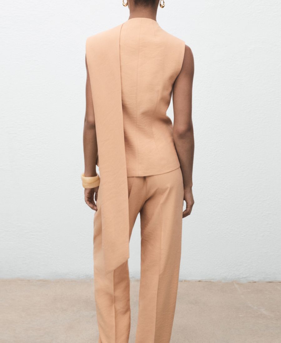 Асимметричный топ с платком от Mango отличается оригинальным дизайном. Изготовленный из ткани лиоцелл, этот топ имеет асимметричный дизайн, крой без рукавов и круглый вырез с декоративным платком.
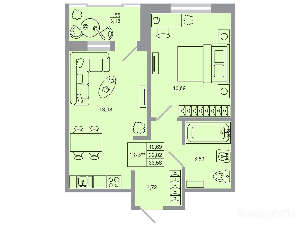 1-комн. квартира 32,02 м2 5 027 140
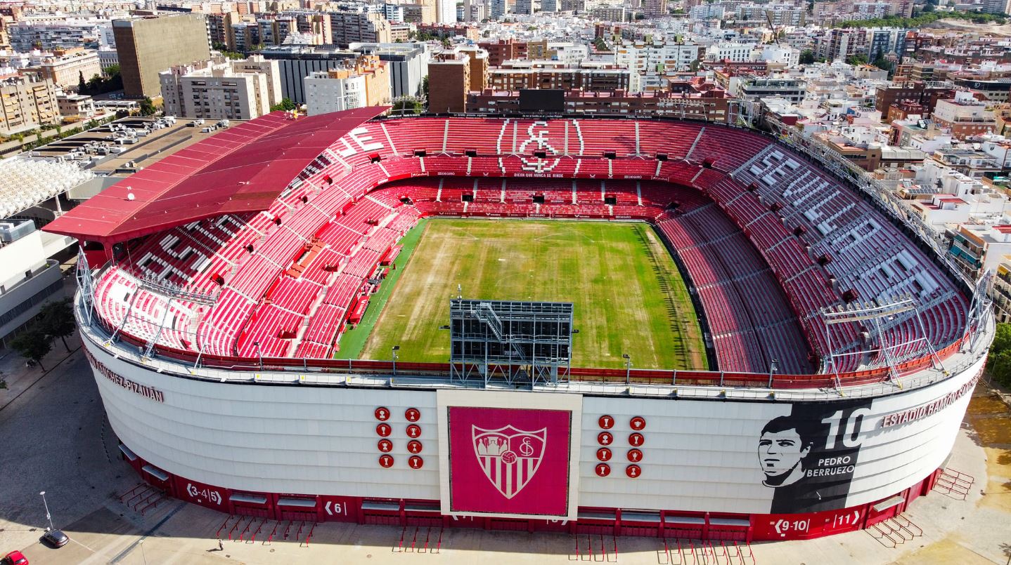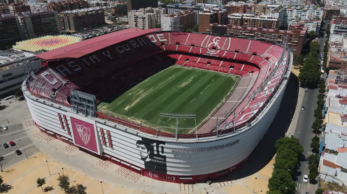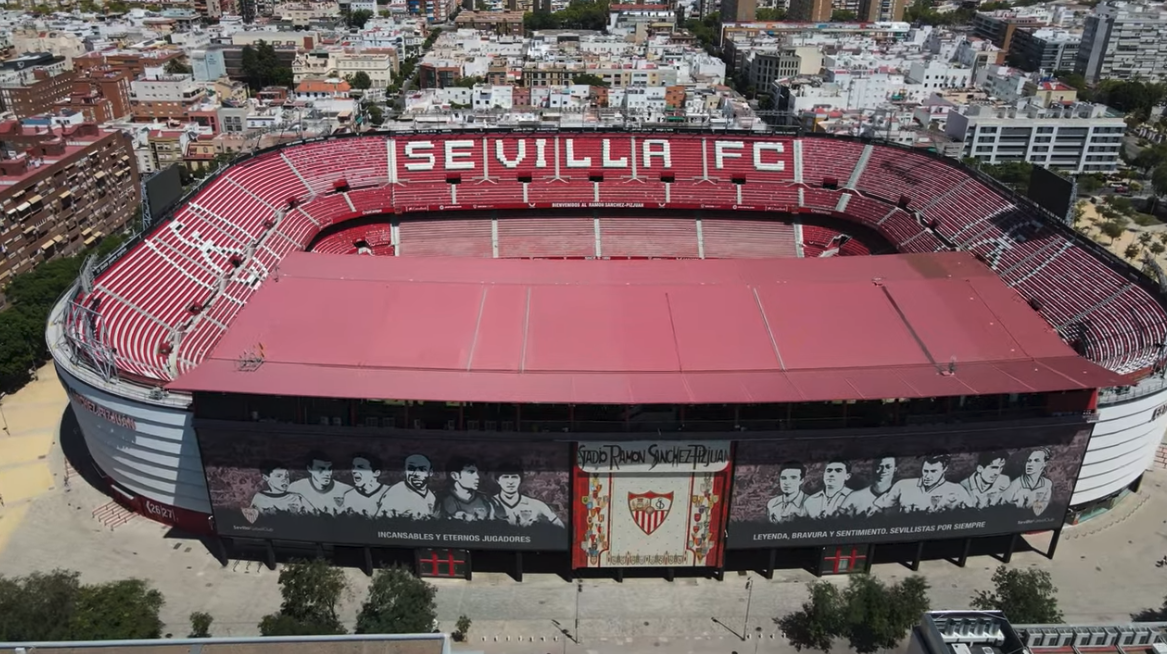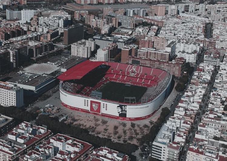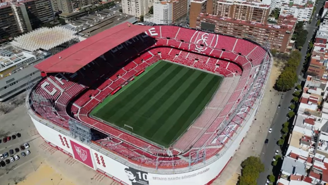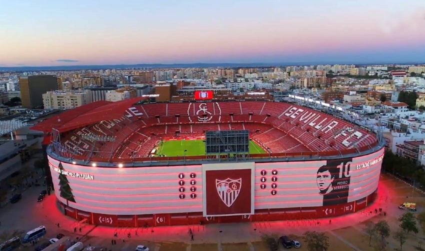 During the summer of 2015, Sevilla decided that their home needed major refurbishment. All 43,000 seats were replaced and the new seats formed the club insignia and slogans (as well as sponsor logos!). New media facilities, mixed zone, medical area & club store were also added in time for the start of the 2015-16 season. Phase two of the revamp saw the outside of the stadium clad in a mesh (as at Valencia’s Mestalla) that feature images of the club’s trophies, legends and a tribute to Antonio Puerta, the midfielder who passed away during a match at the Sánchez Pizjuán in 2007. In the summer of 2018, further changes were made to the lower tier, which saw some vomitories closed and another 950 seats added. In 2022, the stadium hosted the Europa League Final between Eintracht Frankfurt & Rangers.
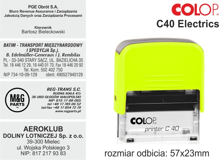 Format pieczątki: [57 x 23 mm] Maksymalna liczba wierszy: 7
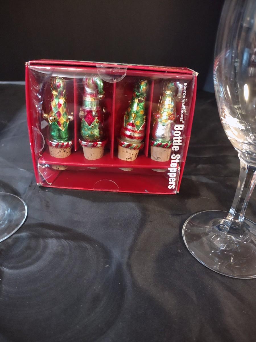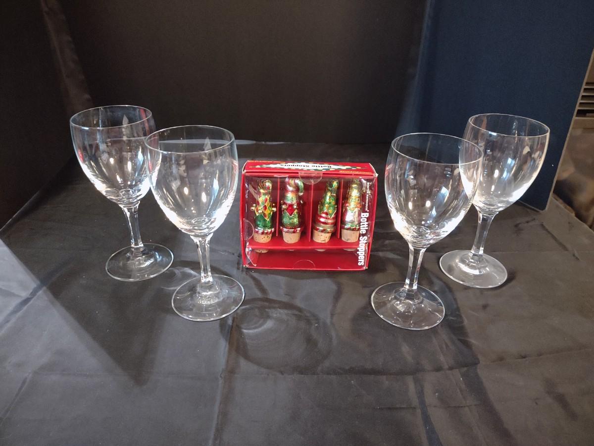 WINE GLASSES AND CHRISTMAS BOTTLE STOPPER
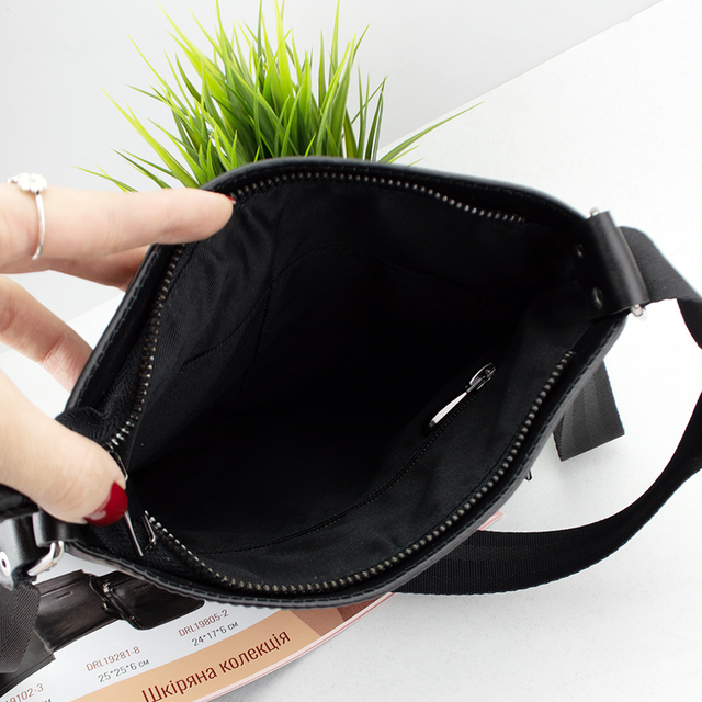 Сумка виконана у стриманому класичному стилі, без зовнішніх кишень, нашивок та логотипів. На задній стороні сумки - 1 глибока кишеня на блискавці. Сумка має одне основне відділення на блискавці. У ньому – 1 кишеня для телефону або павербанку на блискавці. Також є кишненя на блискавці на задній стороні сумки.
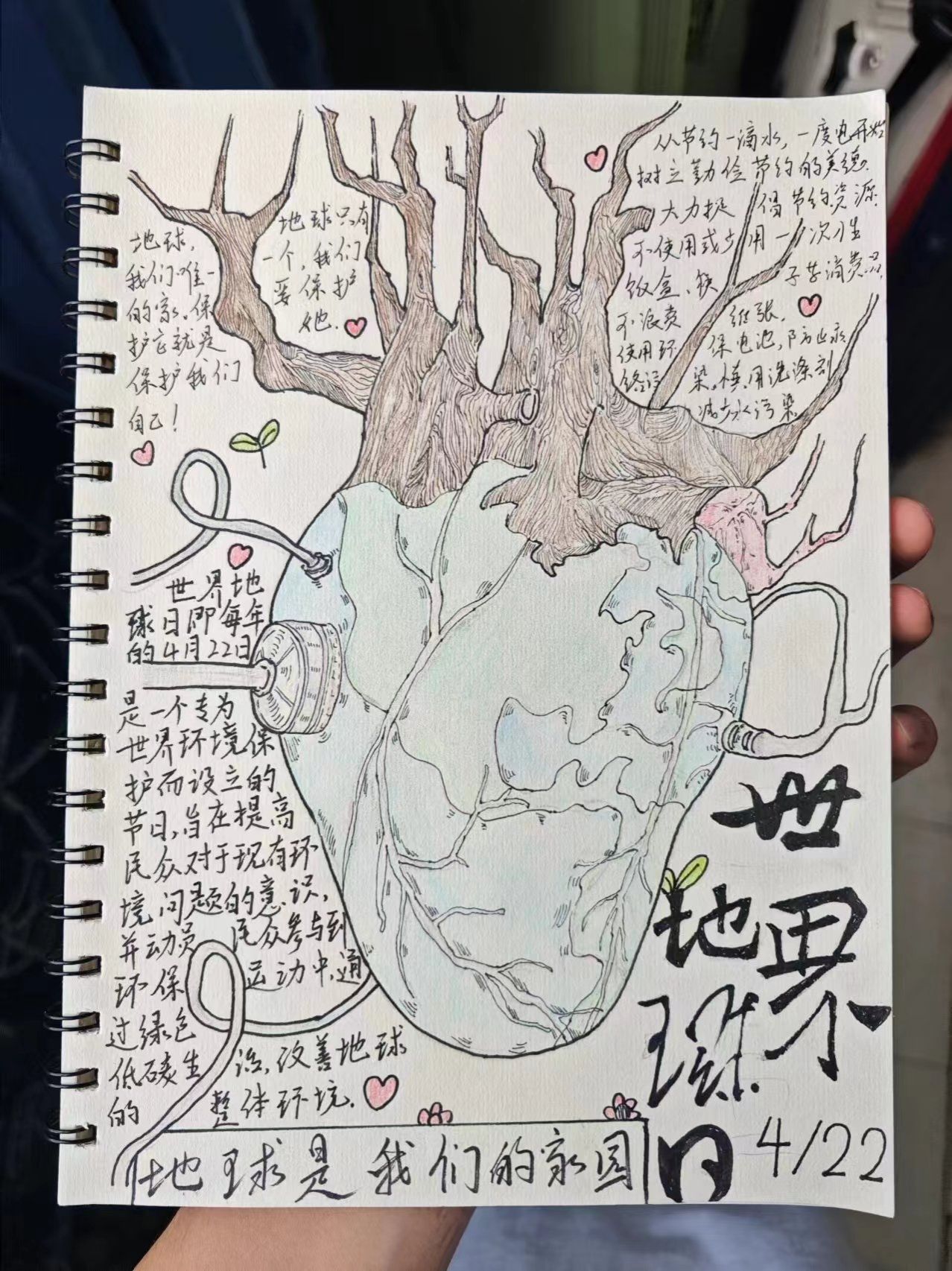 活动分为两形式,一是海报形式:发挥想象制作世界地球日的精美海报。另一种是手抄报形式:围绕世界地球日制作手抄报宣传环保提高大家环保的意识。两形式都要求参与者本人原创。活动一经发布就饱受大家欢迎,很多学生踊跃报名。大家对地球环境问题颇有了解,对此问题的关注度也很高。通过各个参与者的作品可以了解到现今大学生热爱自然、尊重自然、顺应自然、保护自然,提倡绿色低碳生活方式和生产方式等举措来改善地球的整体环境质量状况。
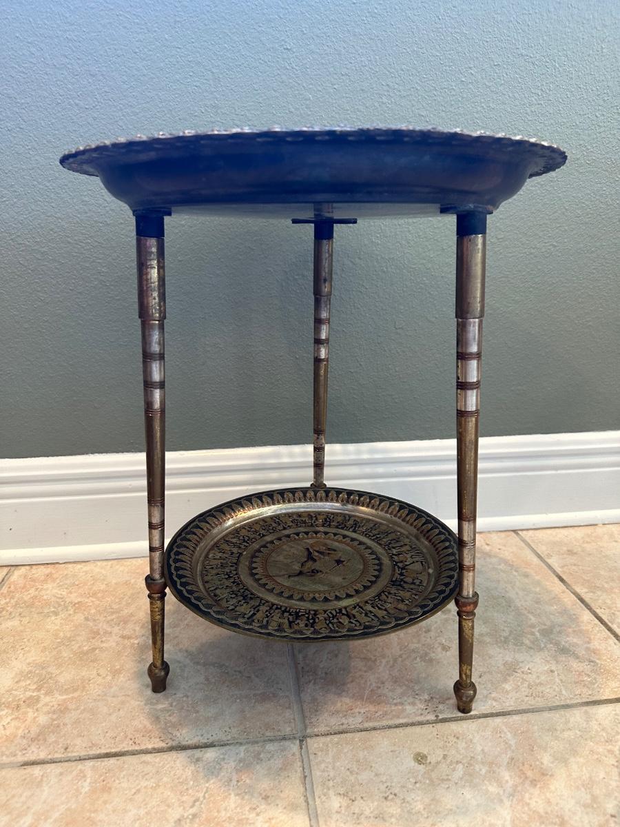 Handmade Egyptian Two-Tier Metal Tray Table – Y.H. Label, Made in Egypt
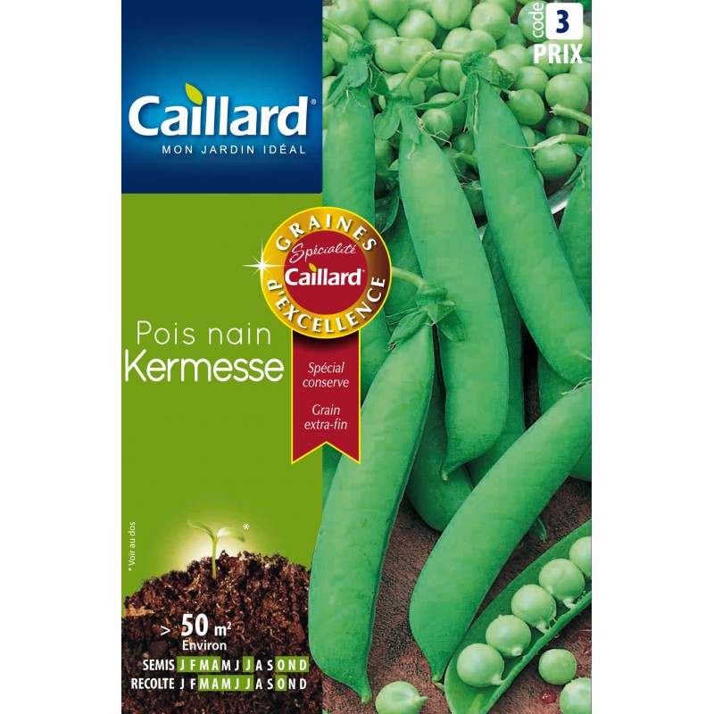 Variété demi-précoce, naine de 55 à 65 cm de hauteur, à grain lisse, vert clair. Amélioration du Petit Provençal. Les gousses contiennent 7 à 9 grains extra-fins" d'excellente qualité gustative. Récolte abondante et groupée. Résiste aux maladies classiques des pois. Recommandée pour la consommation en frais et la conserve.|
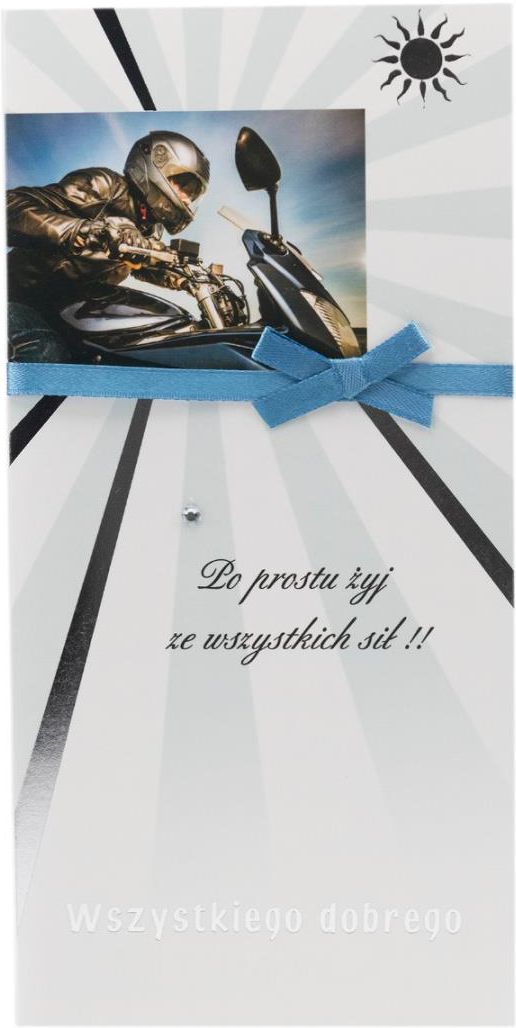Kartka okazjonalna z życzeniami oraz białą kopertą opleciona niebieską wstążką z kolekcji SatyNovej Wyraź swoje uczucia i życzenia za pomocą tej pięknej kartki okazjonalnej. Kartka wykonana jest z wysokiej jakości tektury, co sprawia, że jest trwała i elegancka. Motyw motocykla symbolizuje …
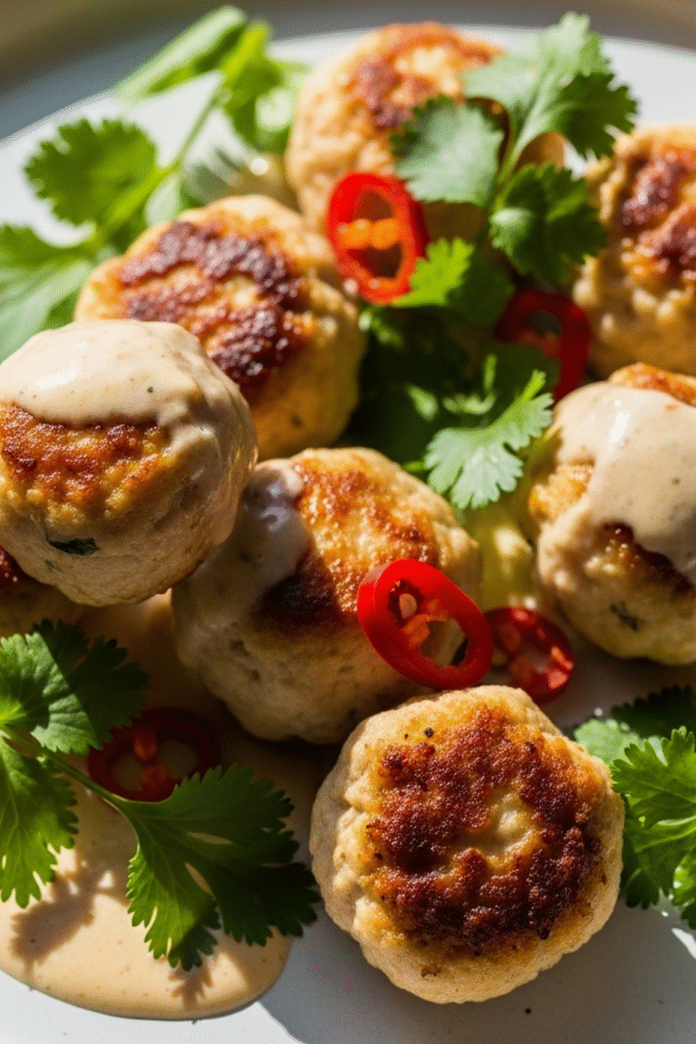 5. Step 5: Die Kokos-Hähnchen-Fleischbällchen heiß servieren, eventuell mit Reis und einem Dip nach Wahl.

###

Assignment: From the line containing "Variété demi-précoce, naine" through the last line of the records above, reproduce every line exactly, leaving out the pictures.

Result of the task:
 Variété demi-précoce, naine de 55 à 65 cm de hauteur, à grain lisse, vert clair. Amélioration du Petit Provençal. Les gousses contiennent 7 à 9 grains extra-fins" d'excellente qualité gustative. Récolte abondante et groupée. Résiste aux maladies classiques des pois. Recommandée pour la consommation en frais et la conserve.|
Kartka okazjonalna z życzeniami oraz białą kopertą opleciona niebieską wstążką z kolekcji SatyNovej Wyraź swoje uczucia i życzenia za pomocą tej pięknej kartki okazjonalnej. Kartka wykonana jest z wysokiej jakości tektury, co sprawia, że jest trwała i elegancka. Motyw motocykla symbolizuje …
 5. Step 5: Die Kokos-Hähnchen-Fleischbällchen heiß servieren, eventuell mit Reis und einem Dip nach Wahl.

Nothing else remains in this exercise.